Looking at this feature importances a second time, it looks like the words chosen as important are proxies for whether the candidate is the incumbent. This makes sense, from the little that I know about politics.

Let's look at the training accuracy:

In [22]:
preds = clf.predict_proba(X)[:,1]
## put the raw predictions in the dataframe so we can use df.groupy
df_train['pred_raw'] = preds
In [23]:
df_train.head()
Out[23]:
candidate tweets replies retweets favorites winner race_index pred_raw
0 Bradley Byrne [\nThings to do Tuesday:\n-VOTE; remind friend... [0.0, 0.0, 0.0, 0.0, 0.0, 0.0, 0.0, 0.0, 0.0, ... [0.0, 3.0, 0.0, 0.0, 0.0, 7.0, 0.0, 0.0, 0.0, ... [0.0, 2.0, 0.0, 0.0, 0.0, 0.0, 1.0, 0.0, 0.0, ... 1 0 0.979400
1 Burton LeFlore [\nWATCH: http://ln.is/youtu.be/jvTA8  ELECT... [0.0, 0.0, 0.0, 0.0, 0.0, 2.0, 0.0, 0.0, 0.0, ... [0.0, 7.0, 0.0, 0.0, 0.0, 1.0, 0.0, 0.0, 0.0, ... [0.0, 0.0, 0.0, 1.0, 0.0, 1.0, 0.0, 0.0, 0.0, ... 0 0 0.055113
2 Martha Roby [\nGlad to see and hear Martha Roby at Rotary ... [0.0, 0.0, 0.0, 0.0, 0.0, 0.0, 0.0, 0.0, 0.0, ... [0.0, 0.0, 0.0, 17.0, 0.0, 0.0, 0.0, 0.0, 0.0,... [0.0, 1.0, 0.0, 1.0, 0.0, 0.0, 0.0, 0.0, 1.0, ... 1 1 0.953310
3 Erick Wright [\nBetter Vote Erick Wright, Jennifer S. Marsd... [0.0, 0.0, 0.0, 0.0, 0.0, 0.0, 0.0, 0.0, 0.0, ... [0.0, 0.0, 0.0, 0.0, 17.0, 0.0, 0.0, 0.0, 0.0,... [0.0, 0.0, 0.0, 0.0, 1.0, 0.0, 0.0, 0.0, 0.0, ... 0 1 0.043328
4 Mike Rogers [\nNSA Director Mike Rogers will begin his add... [0.0, 0.0, 0.0, 0.0, 0.0, 1.0, 0.0, 0.0, 0.0, ... [1.0, 0.0, 7.0, 0.0, 2.0, 1.0, 0.0, 2.0, 2.0, ... [0.0, 0.0, 1.0, 5.0, 1.0, 1.0, 0.0, 0.0, 1.0, ... 1 2 0.954916
In [24]:
## get dictionaries mappying race index to index of predicted and true winners
preds = df_train.groupby('race_index').pred_raw.apply(lambda x: x.idxmax()).to_dict()
true = df_train.groupby('race_index').winner.apply(lambda x: x.idxmax()).to_dict()
In [25]:
## get train accuracy on race
acc = np.mean([preds[race_ind]==true[race_ind] for race_ind in df_train.race_index.unique()])
acc
Out[25]:
0.95216400911161736

Now let's test the model on the 2016 races to see how it performs.
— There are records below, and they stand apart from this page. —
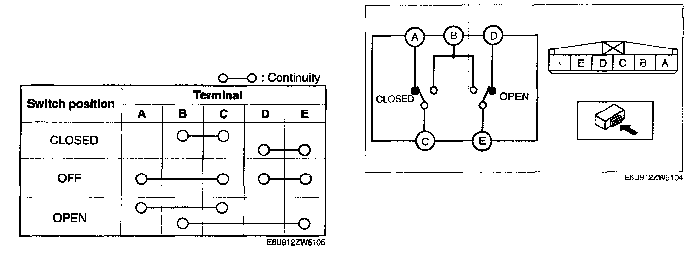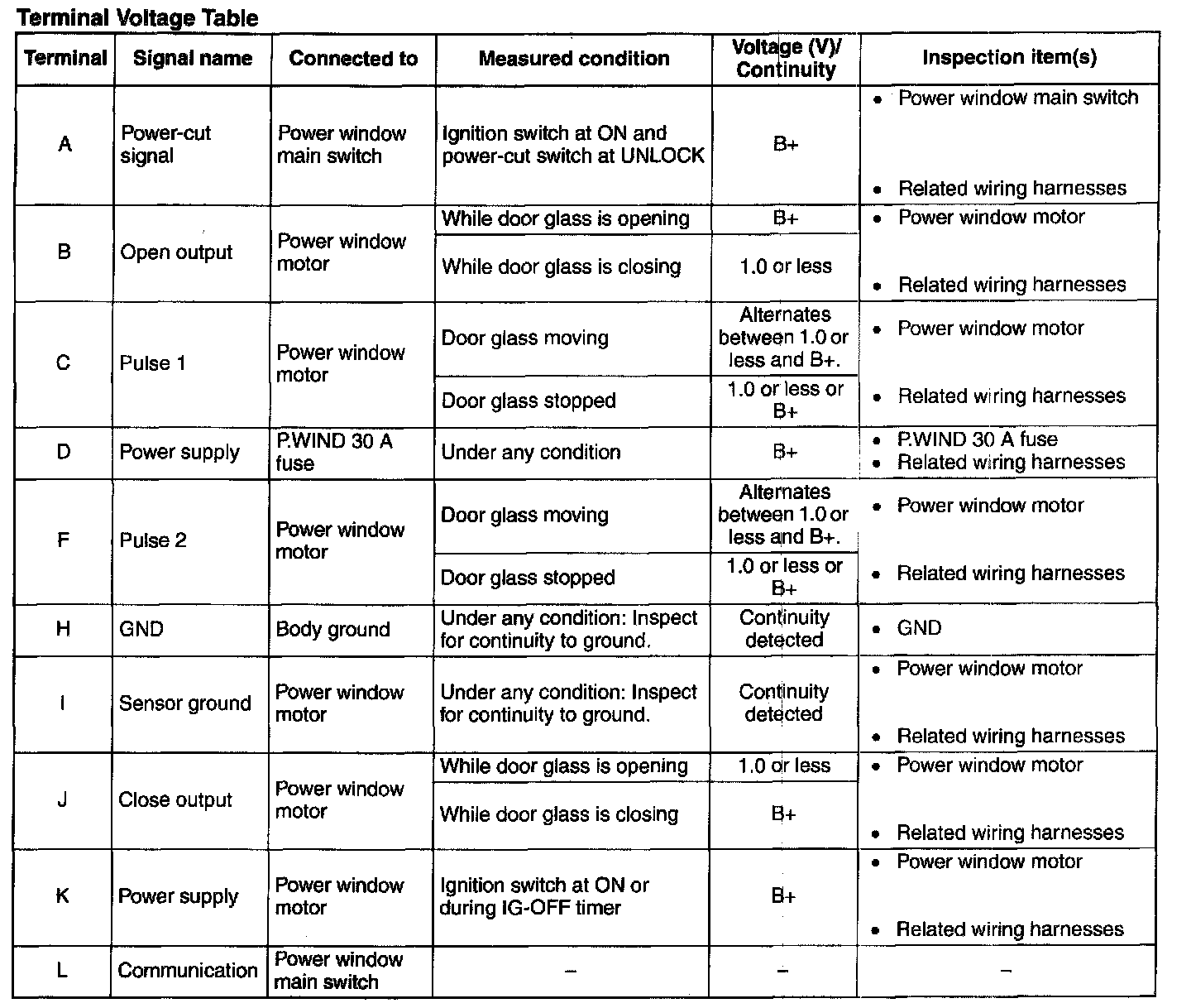 3. Inspect the power window subswitch connector for continuity at terminals I and H.
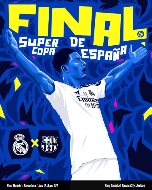 賽前,皇馬官方曬出海報(bào),為本場比賽預(yù)熱。貝林厄姆以漫畫版的標(biāo)志性慶祝動(dòng)作“君臨天下”出鏡,海報(bào)上方為賽事類型,左下角為對(duì)陣雙方隊(duì)徽,最下方為開球時(shí)間以及比賽場地。
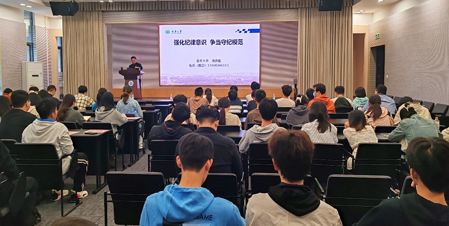 马克思主义学院的刘洪彪教授,主题为“强化纪律意识 争当守纪模范”。刘老师以丰富的事例和生动的讲述,分三个层次向同学们阐释了什么是党的纪律,为什么要进行党的纪律建设以及作为党员怎么进行自我约束。

I will produce the features using the same function as earlier, make the predictions using the trained model and then make a plot and compute the accuracy.

In [26]:
## get test matrix and predictions
X_test = features.transform(df_test[['tweets','replies','retweets','favorites']])
preds_test = clf.predict_proba(X_test)[:,1]
In [27]:
## make a plot
fig,ax = plt.subplots(1,1,figsize=(13,5))
plt.hist(preds_test[(df_test.winner==1).values],alpha=.5,
         label='predictions for winners');
plt.hist(preds_test[(df_test.winner==0).values],alpha=.5,
         label='predictions for non-winners');
plt.legend();
plt.title('Test Set Predictions');
In [28]:
## put the raw predictions in the test dataframe so we can use df.groupy
df_test['pred_raw'] = preds_test
In [29]:
## get dictionaries mappying race index to index of predicted and true winners, this time on test set
preds_test = df_test.groupby('race_index').pred_raw.apply(lambda x: x.idxmax()).to_dict()
true_test = df_test.groupby('race_index').winner.apply(lambda x: x.idxmax()).to_dict()
In [30]:
## get test accuracy on race level
acc = np.mean([preds_test[race_ind]==true_test[race_ind] for race_ind in df_test.race_index.unique()])
acc
Out[30]:
0.88135593220338981

88% accuracy is not that bad! Considering I used nothing but tweets and imbued no prior knowledge.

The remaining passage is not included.